The iterator is lazy and single-use: it walks the input once without materialising the whole list. A second iteration of the same iterator yields nothing — call list() once if you need to re-iterate.

Pandas

flatten_spaces is the natural input to pandas.DataFrame.from_records. Pandas is not a dependency of the bindings; install it separately if you want the DataFrame view.

import big_code_analysis as bca
import pandas as pd

result = bca.analyze("src/lib.rs")
if result is not None:
    df = pd.DataFrame.from_records(bca.flatten_spaces(result))
    print(df.head())
    # Group by space kind to inspect the average cyclomatic per
    # function vs. per class vs. per file.
    by_kind = df.groupby("kind")["cyclomatic.sum"].mean()

Identity columns vs CLI CSV

The flat-record schema is mostly aligned with the CLI's CSV writer, with a couple of intentional deltas:

  • Identity columns use name / kind here; the CSV writer uses space_name / space_kind. Flat records also add parent_name / depth; the CSV writer omits those.
  • tokens.* flattens to the JSON shape (tokens.tokens, tokens.tokens_average, …), while CSV renames those to tokens.sum / .average / .min / .max. Rename in the consumer if you need exact CSV alignment.
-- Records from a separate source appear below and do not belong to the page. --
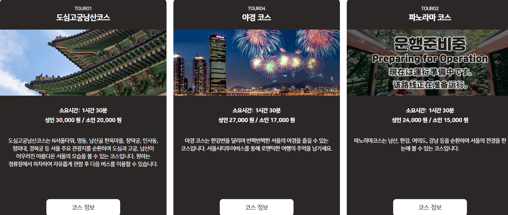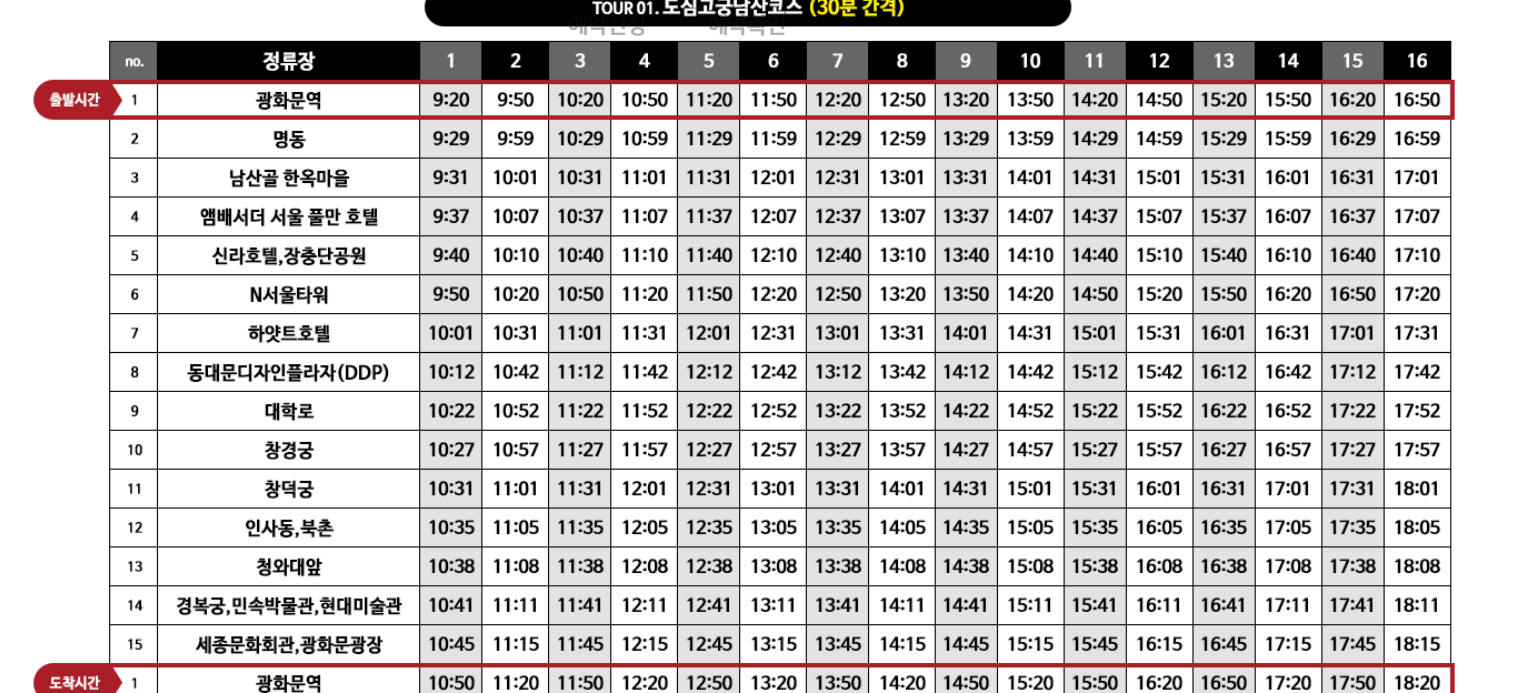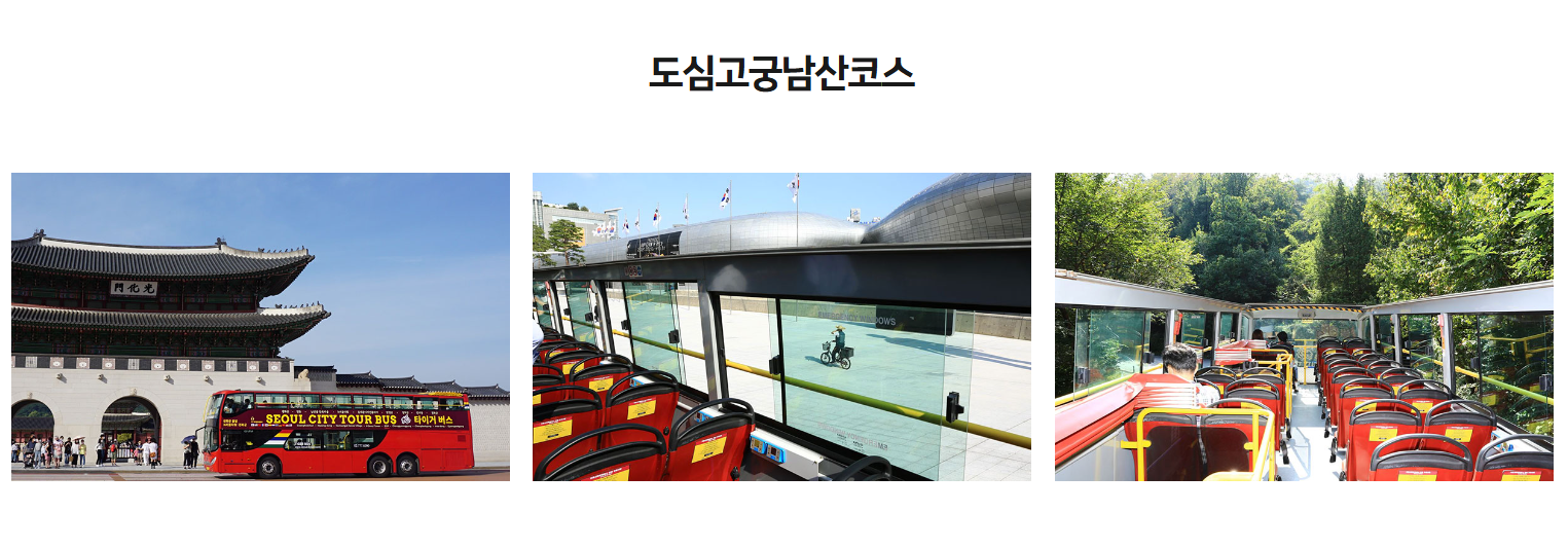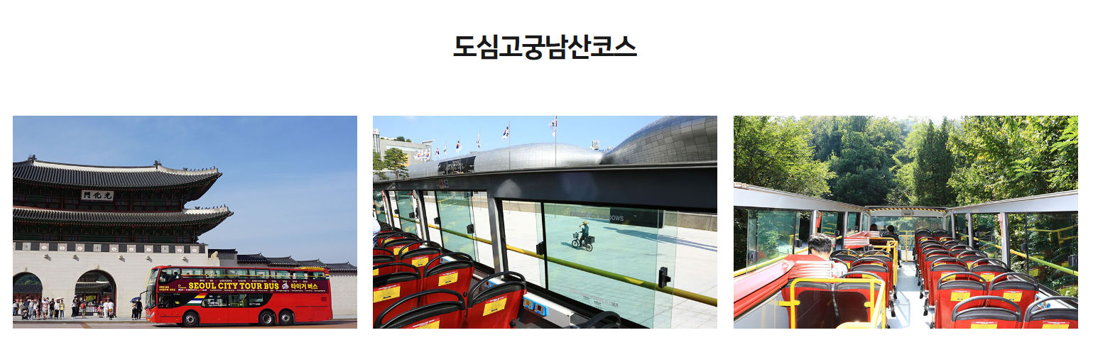 - 도심 고궁 코스: 경복궁, 창덕궁, 덕수궁 등 도심의 주요 궁궐과 광화문 광장, 인사동, 명동 등 대표 관광지를 순회합니다.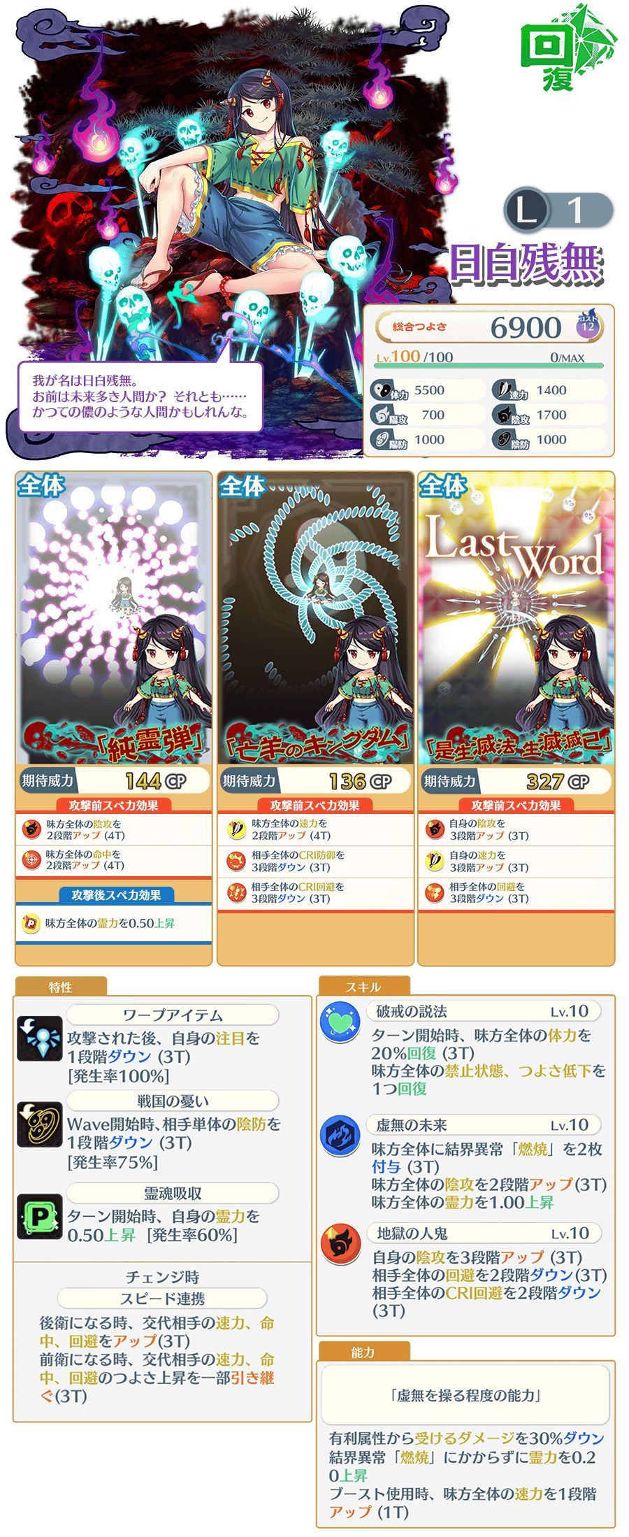 特攻:巫女、鬼、幽灵、妖兽、兽、人类,6段有幻想乡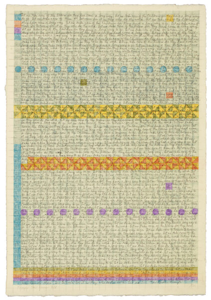 Print of a mixed media drawing, matted and framed. The African prayer, “Let us take care of the Elders for they have come a long way. Let us take care of the Children for they have a long way to go. Let us take care of those In Between for it is they who do the work”, is written repeatedly over the pencil pattern.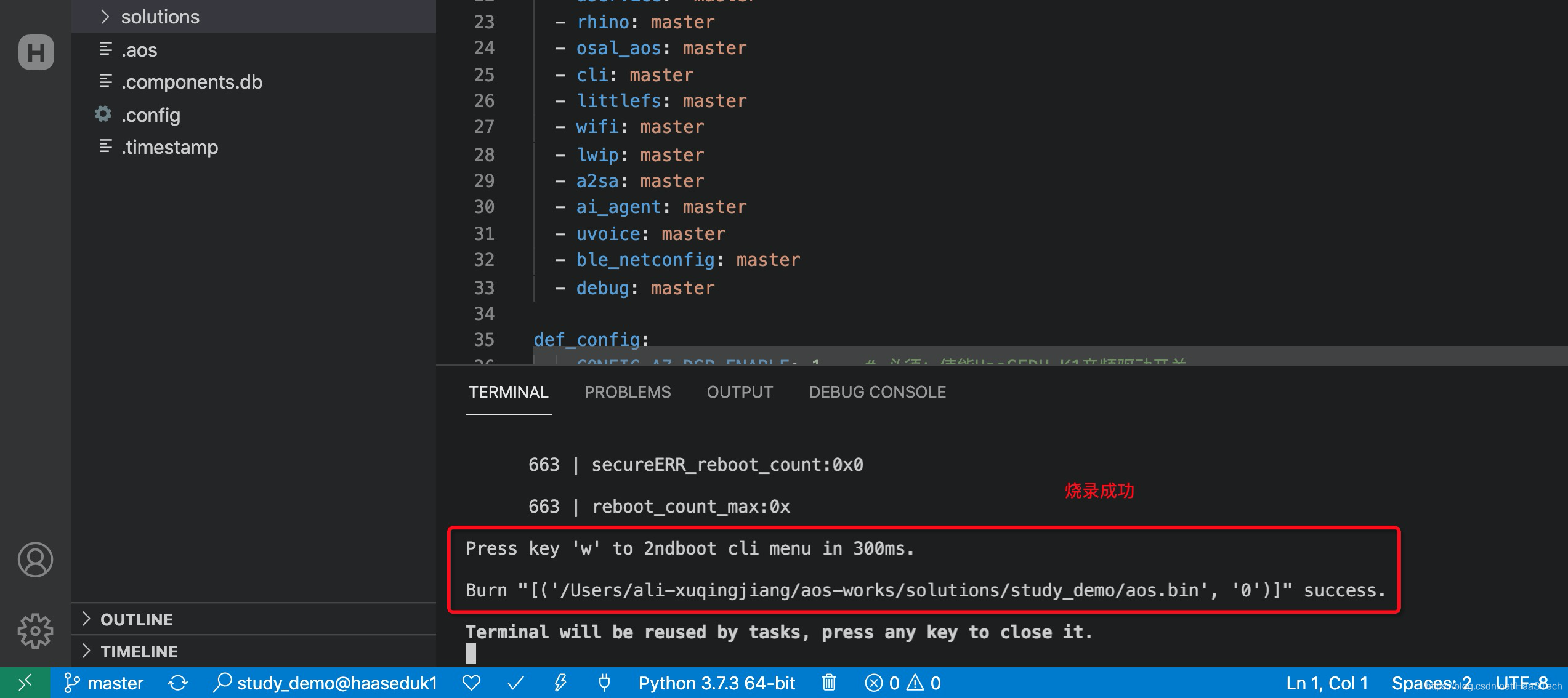 - 点击开始烧录,稍等一分钟就可以看到VS Code提示“成功烧录”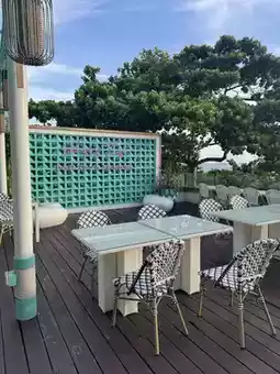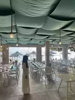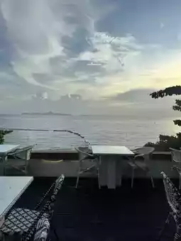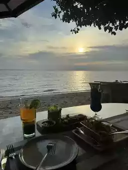 It's a restaurant with a really cool atmosphere, located right in front of the sea! Especially if you come during sunset, you can enjoy a fantastic sunset and a meal together, so it's a place you can't get any happier!!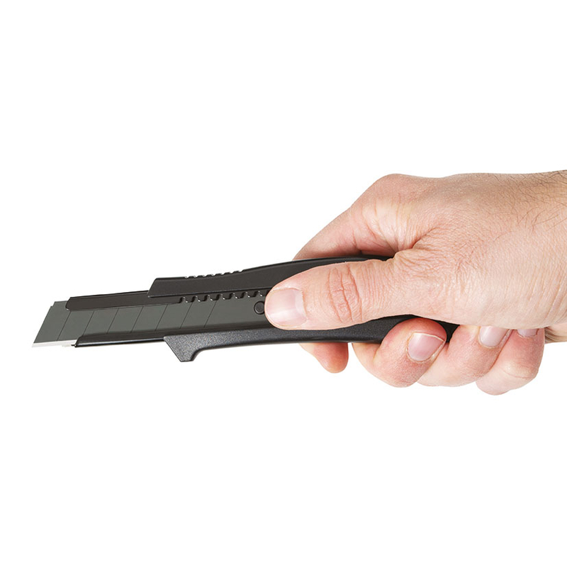 El cortador manual de hoja retráctil con bloqueo automático, ajustable y regulable. Tiene el mango fabricado en ABS para un cómodo agarre. Incluye cuchilla de 18 mm tipo SK2H con tratamiento especial para mejor afilado. Proporciona cortes limpios y de precisión con poco esfuerzo y está especialmente concebido para proporcionar el mayor rendimiento al cortar. Se presenta en un blíster.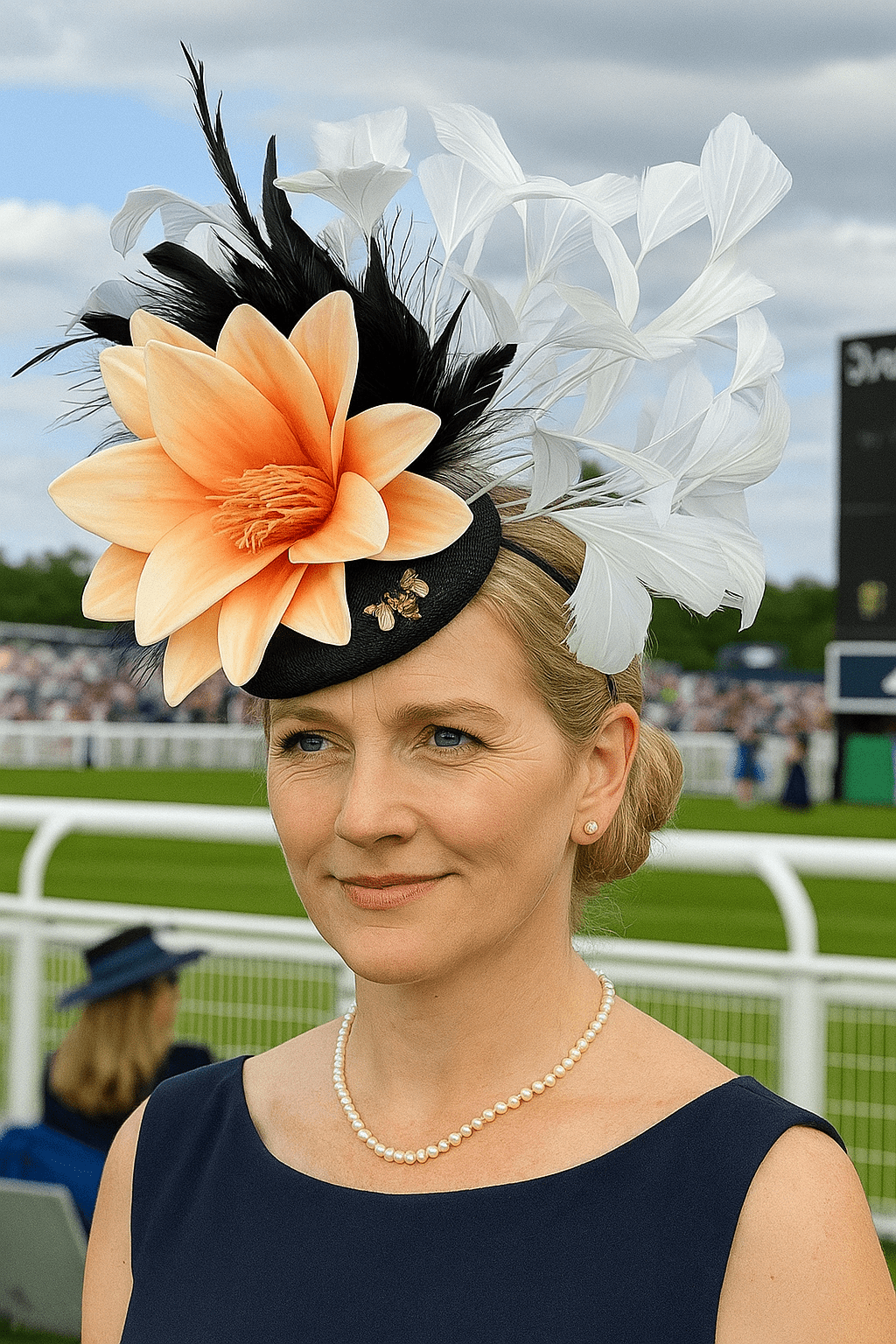 Black Fascinator with white feathers and peach floral bloom. Featuring the Jeweled Bee, my signature mark on all of my designer pieces.

Anonymous spaces (Rust closures, JavaScript function expressions / arrows) keep their name == "<anonymous>" marker verbatim — flatten_spaces does not normalise.

Caveats

  • parent_name alone cannot disambiguate same-named siblings nested under different parents (e.g. two Inner classes under two different outer classes both surface as parent_name == "Inner" for their own children). Pair with depth and source-order position, or rebuild the qualified name in your consumer, if you need a fully-qualified path.
  • Do not mutate the input result while iterating: the walker keeps references into it, so mutations to not-yet-yielded subtrees will be observed in later records.
  • Missing metric subtrees produce no keys (absent, not None), matching the "Halstead disabled" edge case for metric selection.
  • flatten_spaces raises TypeError if the input is not a mapping; callers must filter None returns from bca.analyze (e.g. generated files with skip_generated=True) before passing.